A political unknown, she benefited from financial support from Stefanik and other female members, as well as from a six-figure TV buy from the campaign arm of the Republican Main Street Partnership. Just before the August primary, the Knoxville News Sentinel endorsed her, writing, “Nickloes has defined service much differently in her life than have her leading opponents.” She came in third, far behind Knox County Mayor Tim Burchett, who’d faced negative headlines for ethics problems, and easily won the general election.
“She was an amazing candidate and really would have benefited from significant support earlier,” Stefanik said of Nickloes.
Sarah Chamberlain, the CEO of the Republican Main Street Partnership, agrees.
“That will never, never happen again,” she said in a phone interview last week. “I could have won that race for her.” Chamberlain noted that she’d been focused on the GOP primary in New York’s 11th District between Rep. Dan Donovan and former Rep. Michael G. Grimm.
Stefanik also pointed to Minnesota state Sen. Carla Nelson as an example of a viable Republican woman who didn’t make it through her primary. Nelson had the financial support of Stefanik and several other female lawmakers, as well as the endorsement of the National Rifle Association. Emmer, fellow Minnesota Rep.
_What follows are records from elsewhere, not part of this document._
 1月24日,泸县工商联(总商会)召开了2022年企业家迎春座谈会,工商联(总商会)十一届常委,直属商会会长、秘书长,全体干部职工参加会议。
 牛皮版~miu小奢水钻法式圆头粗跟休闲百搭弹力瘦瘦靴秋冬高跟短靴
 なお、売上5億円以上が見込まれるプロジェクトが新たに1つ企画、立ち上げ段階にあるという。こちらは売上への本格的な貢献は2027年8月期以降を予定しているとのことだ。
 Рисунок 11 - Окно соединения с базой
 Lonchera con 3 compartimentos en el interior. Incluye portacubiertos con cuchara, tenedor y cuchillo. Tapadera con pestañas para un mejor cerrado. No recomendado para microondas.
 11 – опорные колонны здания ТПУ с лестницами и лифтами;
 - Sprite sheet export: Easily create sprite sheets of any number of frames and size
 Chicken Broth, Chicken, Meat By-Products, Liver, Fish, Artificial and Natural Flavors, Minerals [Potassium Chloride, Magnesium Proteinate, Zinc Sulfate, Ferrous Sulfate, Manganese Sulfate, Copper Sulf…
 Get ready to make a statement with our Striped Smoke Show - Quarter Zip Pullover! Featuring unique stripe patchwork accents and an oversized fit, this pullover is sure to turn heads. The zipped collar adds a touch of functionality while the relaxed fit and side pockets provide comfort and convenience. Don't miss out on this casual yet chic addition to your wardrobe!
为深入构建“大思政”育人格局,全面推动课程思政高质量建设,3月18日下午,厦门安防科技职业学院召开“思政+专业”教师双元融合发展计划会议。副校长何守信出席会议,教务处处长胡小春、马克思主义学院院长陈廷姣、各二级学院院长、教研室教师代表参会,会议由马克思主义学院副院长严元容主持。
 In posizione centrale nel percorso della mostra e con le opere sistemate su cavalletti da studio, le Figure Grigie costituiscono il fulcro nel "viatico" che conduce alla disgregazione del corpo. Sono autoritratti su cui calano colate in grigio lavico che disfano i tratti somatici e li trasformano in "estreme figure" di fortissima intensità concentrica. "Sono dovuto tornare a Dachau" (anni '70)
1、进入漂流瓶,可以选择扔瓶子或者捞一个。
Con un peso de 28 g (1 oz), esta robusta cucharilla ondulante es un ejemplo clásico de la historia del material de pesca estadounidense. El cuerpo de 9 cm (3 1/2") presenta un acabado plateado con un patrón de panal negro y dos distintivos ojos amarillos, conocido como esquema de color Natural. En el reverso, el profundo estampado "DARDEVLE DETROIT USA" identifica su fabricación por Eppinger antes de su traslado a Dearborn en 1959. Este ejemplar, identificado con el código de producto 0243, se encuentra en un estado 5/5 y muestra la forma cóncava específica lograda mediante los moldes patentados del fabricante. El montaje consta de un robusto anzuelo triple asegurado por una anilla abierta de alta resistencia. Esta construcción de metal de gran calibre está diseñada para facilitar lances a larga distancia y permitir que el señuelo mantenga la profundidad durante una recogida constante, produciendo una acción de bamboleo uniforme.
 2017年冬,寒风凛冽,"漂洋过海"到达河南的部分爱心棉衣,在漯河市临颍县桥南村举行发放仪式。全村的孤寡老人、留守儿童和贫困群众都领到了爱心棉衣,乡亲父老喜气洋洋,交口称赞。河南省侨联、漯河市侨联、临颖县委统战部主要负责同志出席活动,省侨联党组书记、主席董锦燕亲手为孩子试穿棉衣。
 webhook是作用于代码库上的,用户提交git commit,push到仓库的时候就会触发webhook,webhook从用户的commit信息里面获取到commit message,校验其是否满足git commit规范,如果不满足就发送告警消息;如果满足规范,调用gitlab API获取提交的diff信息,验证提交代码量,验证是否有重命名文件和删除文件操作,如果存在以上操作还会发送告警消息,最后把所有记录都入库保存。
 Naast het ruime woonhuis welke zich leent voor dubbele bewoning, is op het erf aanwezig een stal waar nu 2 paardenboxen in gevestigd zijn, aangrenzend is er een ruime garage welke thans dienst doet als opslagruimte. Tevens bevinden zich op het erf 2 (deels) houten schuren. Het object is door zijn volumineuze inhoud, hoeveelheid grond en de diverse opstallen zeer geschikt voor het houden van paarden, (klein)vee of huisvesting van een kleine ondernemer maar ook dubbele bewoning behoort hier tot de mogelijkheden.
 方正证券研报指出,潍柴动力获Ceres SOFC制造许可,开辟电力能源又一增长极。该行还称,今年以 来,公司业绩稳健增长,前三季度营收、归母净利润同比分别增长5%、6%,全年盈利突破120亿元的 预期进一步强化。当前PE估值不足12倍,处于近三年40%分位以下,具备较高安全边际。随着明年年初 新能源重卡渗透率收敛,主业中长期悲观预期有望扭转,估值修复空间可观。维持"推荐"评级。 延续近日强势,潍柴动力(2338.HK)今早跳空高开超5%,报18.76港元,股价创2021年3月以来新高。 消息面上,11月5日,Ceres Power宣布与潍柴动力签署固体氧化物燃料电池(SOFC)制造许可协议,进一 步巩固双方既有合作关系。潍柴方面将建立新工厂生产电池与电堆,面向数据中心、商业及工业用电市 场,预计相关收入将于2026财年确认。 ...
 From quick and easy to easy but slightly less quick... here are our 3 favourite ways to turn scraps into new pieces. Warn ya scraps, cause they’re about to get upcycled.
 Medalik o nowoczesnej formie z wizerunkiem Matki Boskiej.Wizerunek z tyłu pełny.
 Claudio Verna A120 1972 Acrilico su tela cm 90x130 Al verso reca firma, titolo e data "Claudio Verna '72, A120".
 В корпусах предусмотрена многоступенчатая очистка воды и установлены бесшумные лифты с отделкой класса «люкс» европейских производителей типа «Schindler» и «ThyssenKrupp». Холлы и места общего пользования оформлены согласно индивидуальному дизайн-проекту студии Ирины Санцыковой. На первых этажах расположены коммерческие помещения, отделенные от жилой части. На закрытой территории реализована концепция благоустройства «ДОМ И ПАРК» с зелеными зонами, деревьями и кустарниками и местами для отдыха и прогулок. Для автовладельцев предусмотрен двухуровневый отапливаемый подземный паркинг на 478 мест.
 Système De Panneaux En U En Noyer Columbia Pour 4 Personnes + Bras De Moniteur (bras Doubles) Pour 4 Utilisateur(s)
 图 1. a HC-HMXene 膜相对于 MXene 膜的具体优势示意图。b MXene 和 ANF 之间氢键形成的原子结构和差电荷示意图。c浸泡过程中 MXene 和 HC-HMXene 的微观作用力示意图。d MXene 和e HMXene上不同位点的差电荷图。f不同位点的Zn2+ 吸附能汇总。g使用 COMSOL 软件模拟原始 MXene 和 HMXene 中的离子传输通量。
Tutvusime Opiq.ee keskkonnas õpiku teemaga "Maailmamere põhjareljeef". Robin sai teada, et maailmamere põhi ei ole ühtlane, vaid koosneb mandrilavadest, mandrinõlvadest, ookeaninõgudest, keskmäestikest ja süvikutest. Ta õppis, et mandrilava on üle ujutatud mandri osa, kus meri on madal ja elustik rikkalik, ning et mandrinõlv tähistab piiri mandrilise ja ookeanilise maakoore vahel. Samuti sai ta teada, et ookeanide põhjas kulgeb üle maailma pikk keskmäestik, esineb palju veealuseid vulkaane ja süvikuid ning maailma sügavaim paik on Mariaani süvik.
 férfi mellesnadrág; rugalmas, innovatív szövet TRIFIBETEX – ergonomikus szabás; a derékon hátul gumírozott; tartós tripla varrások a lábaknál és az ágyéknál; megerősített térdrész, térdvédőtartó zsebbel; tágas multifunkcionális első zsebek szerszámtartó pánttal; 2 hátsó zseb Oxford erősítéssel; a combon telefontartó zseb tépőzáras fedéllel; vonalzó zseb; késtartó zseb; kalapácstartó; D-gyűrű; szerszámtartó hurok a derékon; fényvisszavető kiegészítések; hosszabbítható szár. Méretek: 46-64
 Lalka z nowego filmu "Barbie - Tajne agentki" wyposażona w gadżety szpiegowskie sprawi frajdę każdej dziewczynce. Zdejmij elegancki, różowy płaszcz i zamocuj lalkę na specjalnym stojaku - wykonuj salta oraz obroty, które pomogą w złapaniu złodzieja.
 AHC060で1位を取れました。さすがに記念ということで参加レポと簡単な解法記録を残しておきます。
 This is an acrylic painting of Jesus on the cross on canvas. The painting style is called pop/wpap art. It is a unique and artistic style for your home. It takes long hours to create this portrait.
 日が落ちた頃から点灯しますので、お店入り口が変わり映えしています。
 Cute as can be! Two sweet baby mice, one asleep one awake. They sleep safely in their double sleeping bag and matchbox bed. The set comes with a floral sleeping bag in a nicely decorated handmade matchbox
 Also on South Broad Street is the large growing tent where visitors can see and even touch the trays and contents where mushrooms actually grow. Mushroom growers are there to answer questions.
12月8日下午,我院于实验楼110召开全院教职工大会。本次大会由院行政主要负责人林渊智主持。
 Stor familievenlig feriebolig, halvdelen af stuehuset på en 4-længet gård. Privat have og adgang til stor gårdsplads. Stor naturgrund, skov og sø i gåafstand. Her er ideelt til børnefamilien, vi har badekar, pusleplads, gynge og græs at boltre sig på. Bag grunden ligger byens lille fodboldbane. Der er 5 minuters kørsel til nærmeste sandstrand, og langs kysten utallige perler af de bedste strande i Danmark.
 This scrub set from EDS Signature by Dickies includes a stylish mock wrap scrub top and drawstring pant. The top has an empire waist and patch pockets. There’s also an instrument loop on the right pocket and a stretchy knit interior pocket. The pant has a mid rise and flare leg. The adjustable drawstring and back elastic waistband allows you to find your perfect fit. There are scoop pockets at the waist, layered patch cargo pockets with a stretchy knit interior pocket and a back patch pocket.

Erik Paulsen and other male lawmakers backed four-time candidate Jim Hagedorn, whose controversial comments about women and veterans troubled some operatives. But Hagedorn won the 1st District primary and the general election.
Asked about his support for Hagedorn last week, Emmer said Nelson took too long to get into the race.
A ‘broken record’
When Stefanik confronted leadership candidates at a conference meeting last month about their plans to help elect more women, she didn’t like what she heard.
“I was struck that I really didn’t get an answer,” she told The Washington Post.
She believes the number of Republican women in the House is at a crisis level, but isn’t sure if her male colleagues see it in those terms. She promises to be a “broken record” reminding them the conference needs to reflects America’s diversity.
She won’t be alone. Stefanik pointed to Winning for Women, a new group in 2018 that made a small, last-minute digital investment in the primary in West Virginia’s 3rd District for Carol Miller, the only new Republican woman joining the House next year. Stefanik also praised PricewatershouseCoopers PAC for contributing to the leadership PACs of incumbent women.
Chamberlain is gearing up for Main Street’s PAC and super PAC to become more involved in 2020, and says the men in the coalition, which calls itself “the governing wing” of the GOP, are supportive.
“I just have to point out we need another woman,” she said. “If you tell them, they’re all about it.”
Chamberlain knows a thing or two about the one demographic Stefanik is concerned about — suburban women.
“I am a suburban mom,” Chamberlain said. She has a network of 15 female friends, none of whom are in politics, whom she uses as her informal focus group.
Republicans have traditionally lacked an analogous organization to EMILY’s List, in part, because they don’t have a similarly unifying litmus test that energizes the grassroots and donors. Except for the anti-abortion Susan. B. Anthony List, which has also backed men in primaries, most GOP women’s groups steer clear of social issues. For Republican groups in general, ideology has often been a more salient factor than gender.
But Stefanik, a member of the moderate Tuesday Group, is prioritizing female representation over ideology.
“It’s important to have women in the Freedom Caucus, the Republican Study Group, and the Tuesday Group,” she said.